◆ Exercise aim
Repeat the lines below exactly as written, please, from the line with "Ваш ребенок подрос" to the line with "The Khasi To", both lines included, and no others.

START Input records

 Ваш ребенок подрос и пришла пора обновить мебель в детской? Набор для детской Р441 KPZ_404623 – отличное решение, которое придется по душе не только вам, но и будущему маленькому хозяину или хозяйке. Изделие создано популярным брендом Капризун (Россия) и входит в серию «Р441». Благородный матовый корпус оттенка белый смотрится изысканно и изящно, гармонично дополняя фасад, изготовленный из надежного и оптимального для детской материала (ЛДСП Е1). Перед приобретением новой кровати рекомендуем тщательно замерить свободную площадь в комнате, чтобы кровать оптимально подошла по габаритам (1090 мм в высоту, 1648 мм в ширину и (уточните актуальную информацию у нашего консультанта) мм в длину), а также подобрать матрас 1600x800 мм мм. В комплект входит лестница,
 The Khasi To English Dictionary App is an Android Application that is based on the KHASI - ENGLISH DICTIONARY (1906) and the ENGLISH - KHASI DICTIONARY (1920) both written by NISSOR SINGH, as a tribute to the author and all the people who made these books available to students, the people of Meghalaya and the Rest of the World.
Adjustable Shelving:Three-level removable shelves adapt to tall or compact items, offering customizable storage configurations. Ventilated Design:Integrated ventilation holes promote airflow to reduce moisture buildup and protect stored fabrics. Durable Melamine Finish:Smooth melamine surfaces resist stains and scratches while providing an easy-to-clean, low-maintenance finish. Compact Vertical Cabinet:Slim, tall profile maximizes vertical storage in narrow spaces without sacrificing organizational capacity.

END Input records
START Input records

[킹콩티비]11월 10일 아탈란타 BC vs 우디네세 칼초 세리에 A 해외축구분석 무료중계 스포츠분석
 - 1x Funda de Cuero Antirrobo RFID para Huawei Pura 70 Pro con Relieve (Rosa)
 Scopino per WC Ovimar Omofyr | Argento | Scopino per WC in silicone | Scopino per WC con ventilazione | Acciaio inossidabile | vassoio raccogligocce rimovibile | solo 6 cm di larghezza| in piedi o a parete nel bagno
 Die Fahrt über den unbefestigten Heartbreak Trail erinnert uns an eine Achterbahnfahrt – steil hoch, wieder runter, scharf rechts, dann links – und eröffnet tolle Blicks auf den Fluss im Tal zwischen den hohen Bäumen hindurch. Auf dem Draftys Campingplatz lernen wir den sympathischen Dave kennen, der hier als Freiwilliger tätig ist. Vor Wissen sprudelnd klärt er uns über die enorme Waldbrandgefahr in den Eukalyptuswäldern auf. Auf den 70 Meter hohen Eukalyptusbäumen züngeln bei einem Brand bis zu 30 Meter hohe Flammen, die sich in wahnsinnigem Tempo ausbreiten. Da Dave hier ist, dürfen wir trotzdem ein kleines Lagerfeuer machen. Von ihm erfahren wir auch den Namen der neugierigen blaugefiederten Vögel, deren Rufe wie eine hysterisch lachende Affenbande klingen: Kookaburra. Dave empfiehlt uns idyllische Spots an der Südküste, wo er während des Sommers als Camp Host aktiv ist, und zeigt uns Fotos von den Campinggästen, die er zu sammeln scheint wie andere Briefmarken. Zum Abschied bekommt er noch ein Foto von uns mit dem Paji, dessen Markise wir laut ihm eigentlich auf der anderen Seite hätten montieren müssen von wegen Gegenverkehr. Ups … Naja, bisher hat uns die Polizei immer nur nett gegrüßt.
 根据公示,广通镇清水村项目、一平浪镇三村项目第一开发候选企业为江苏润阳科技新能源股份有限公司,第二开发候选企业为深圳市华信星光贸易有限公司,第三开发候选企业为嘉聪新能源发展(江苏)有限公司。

END Input records

◆ Written answer
 Ваш ребенок подрос и пришла пора обновить мебель в детской? Набор для детской Р441 KPZ_404623 – отличное решение, которое придется по душе не только вам, но и будущему маленькому хозяину или хозяйке. Изделие создано популярным брендом Капризун (Россия) и входит в серию «Р441». Благородный матовый корпус оттенка белый смотрится изысканно и изящно, гармонично дополняя фасад, изготовленный из надежного и оптимального для детской материала (ЛДСП Е1). Перед приобретением новой кровати рекомендуем тщательно замерить свободную площадь в комнате, чтобы кровать оптимально подошла по габаритам (1090 мм в высоту, 1648 мм в ширину и (уточните актуальную информацию у нашего консультанта) мм в длину), а также подобрать матрас 1600x800 мм мм. В комплект входит лестница,
 The Khasi To English Dictionary App is an Android Application that is based on the KHASI - ENGLISH DICTIONARY (1906) and the ENGLISH - KHASI DICTIONARY (1920) both written by NISSOR SINGH, as a tribute to the author and all the people who made these books available to students, the people of Meghalaya and the Rest of the World.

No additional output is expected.